DATA FOR THIS TASK Start Marker

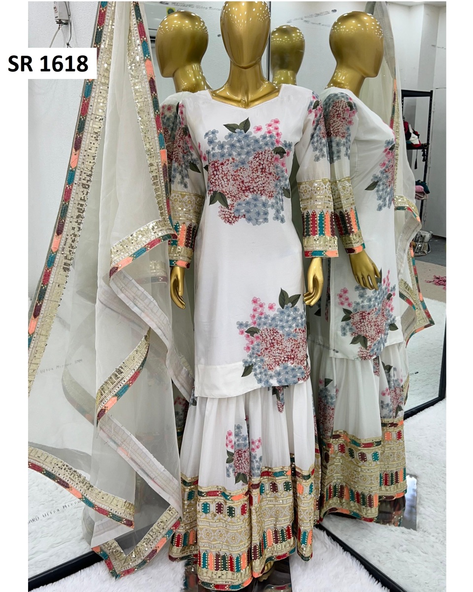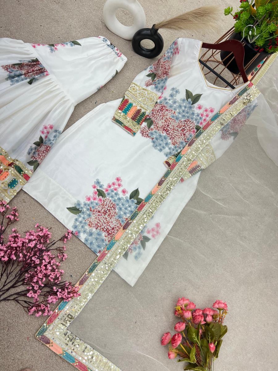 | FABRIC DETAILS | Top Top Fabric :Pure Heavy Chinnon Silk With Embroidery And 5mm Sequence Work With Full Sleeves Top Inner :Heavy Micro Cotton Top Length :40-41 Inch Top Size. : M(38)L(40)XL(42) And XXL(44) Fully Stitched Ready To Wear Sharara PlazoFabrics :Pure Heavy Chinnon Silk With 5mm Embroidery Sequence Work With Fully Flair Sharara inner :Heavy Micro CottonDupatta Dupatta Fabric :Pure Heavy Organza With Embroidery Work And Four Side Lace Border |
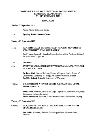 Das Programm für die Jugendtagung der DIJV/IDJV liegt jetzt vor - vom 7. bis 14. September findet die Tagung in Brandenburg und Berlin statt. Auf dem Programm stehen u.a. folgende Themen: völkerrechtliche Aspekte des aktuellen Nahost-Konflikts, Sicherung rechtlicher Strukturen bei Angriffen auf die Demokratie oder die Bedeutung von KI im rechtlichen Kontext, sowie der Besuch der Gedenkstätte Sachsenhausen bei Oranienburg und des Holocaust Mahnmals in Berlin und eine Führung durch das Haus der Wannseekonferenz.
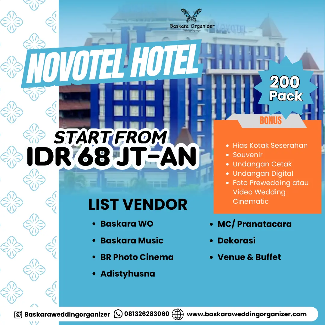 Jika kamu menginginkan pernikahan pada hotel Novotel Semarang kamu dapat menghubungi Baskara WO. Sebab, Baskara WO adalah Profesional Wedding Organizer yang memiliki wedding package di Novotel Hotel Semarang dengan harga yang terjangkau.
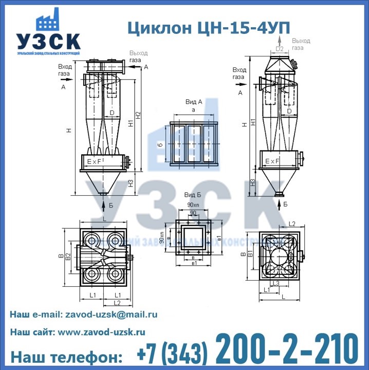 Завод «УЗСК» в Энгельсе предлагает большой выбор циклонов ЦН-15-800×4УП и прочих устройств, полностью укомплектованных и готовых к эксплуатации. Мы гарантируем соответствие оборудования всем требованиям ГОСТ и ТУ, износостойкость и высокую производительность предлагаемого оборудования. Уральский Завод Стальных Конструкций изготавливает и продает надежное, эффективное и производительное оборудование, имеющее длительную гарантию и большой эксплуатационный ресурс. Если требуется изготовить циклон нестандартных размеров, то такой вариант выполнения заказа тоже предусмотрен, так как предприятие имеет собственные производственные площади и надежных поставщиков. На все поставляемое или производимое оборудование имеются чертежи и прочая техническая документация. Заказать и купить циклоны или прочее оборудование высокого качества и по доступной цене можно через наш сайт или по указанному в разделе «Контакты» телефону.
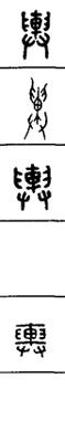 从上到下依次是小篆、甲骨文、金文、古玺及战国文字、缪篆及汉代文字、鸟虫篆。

DATA FOR THIS TASK End Marker
DATA FOR THIS TASK Start Marker

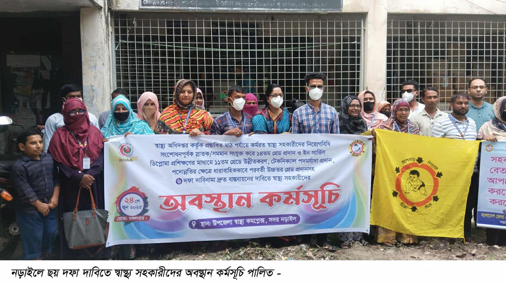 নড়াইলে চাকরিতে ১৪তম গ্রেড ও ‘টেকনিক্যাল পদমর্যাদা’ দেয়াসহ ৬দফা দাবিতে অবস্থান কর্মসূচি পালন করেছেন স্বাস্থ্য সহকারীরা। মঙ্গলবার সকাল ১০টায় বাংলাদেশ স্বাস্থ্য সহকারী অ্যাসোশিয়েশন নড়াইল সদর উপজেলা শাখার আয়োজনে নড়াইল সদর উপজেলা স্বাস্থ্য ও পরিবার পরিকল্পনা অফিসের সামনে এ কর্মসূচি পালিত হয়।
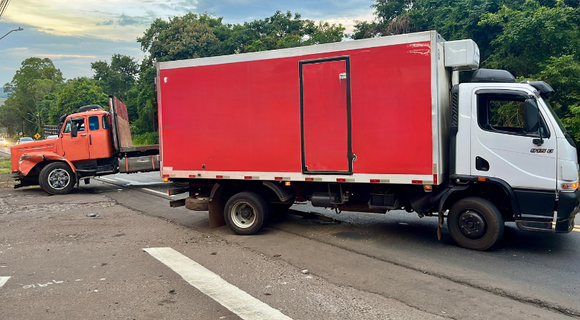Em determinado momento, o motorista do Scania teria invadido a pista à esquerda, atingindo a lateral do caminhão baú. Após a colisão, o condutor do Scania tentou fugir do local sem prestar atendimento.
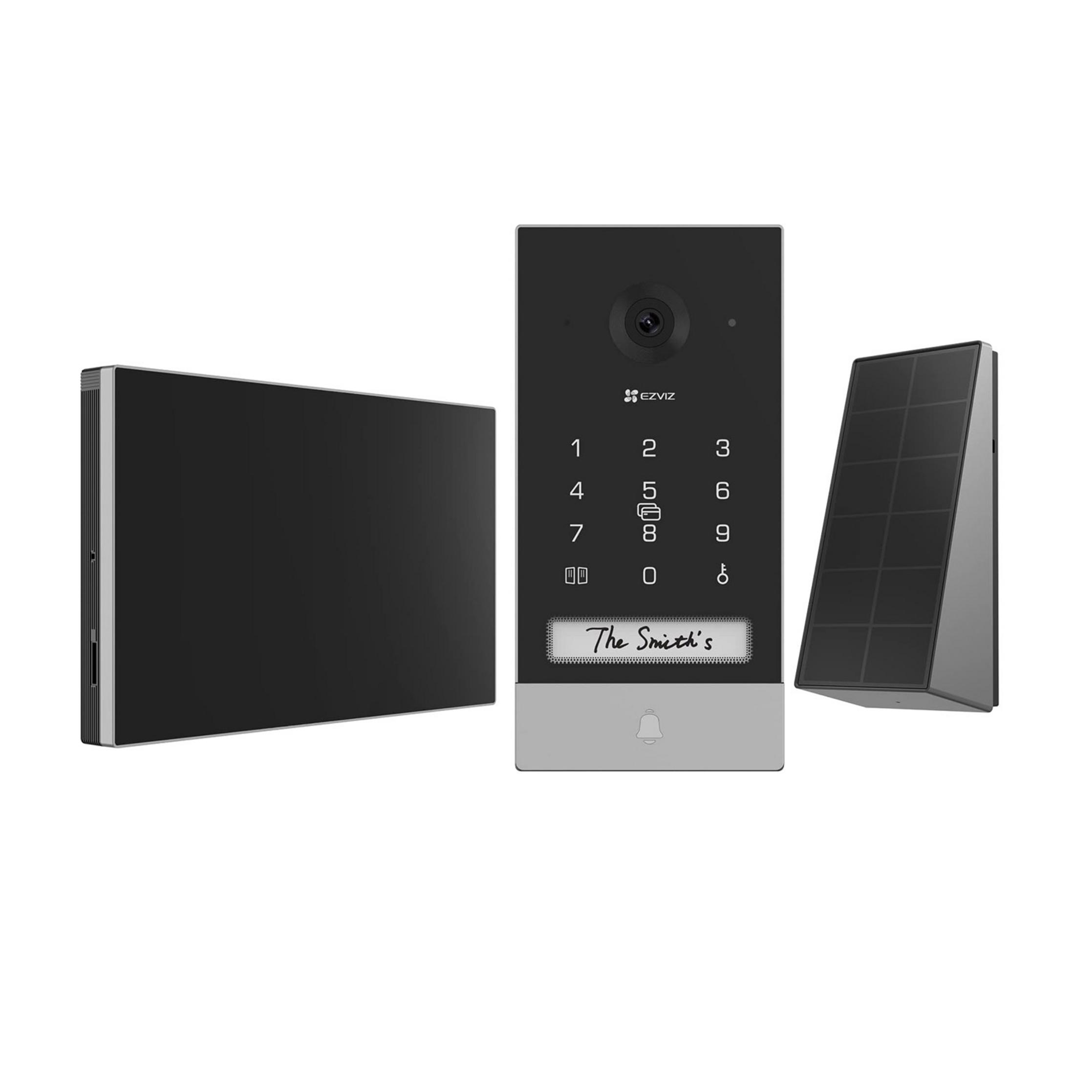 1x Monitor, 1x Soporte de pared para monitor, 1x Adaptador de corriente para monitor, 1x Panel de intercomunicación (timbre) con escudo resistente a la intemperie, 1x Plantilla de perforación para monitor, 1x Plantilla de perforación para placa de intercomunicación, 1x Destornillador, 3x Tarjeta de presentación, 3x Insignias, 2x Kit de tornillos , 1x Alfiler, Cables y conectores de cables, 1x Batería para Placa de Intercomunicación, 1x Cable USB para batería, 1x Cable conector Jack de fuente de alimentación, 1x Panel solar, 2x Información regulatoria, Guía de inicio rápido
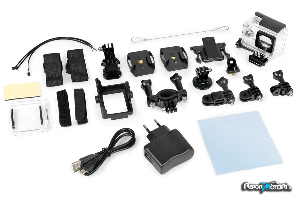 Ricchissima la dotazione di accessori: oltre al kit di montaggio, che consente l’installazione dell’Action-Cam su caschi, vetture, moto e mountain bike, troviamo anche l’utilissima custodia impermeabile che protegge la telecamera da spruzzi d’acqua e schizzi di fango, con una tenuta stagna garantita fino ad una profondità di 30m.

DATA FOR THIS TASK End Marker
DATA FOR THIS TASK Start Marker

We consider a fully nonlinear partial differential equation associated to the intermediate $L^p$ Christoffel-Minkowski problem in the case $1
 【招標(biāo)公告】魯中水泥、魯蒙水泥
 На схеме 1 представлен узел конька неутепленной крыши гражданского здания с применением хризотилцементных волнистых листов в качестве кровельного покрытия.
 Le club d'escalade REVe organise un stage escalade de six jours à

DATA FOR THIS TASK End Marker

| WORK REQUIRED |
In the material above, which lines fall between the one holding "в Энгельсе предлагает" and the one holding "从上到下依次是小篆、甲骨文、金文、古玺及战国文字、缪篆及汉代文字、鸟虫篆。", inclusive? Print exactly those, with the pictures left out.

| REPLY TO THE EXERCISE |
 Завод «УЗСК» в Энгельсе предлагает большой выбор циклонов ЦН-15-800×4УП и прочих устройств, полностью укомплектованных и готовых к эксплуатации. Мы гарантируем соответствие оборудования всем требованиям ГОСТ и ТУ, износостойкость и высокую производительность предлагаемого оборудования. Уральский Завод Стальных Конструкций изготавливает и продает надежное, эффективное и производительное оборудование, имеющее длительную гарантию и большой эксплуатационный ресурс. Если требуется изготовить циклон нестандартных размеров, то такой вариант выполнения заказа тоже предусмотрен, так как предприятие имеет собственные производственные площади и надежных поставщиков. На все поставляемое или производимое оборудование имеются чертежи и прочая техническая документация. Заказать и купить циклоны или прочее оборудование высокого качества и по доступной цене можно через наш сайт или по указанному в разделе «Контакты» телефону.
 从上到下依次是小篆、甲骨文、金文、古玺及战国文字、缪篆及汉代文字、鸟虫篆。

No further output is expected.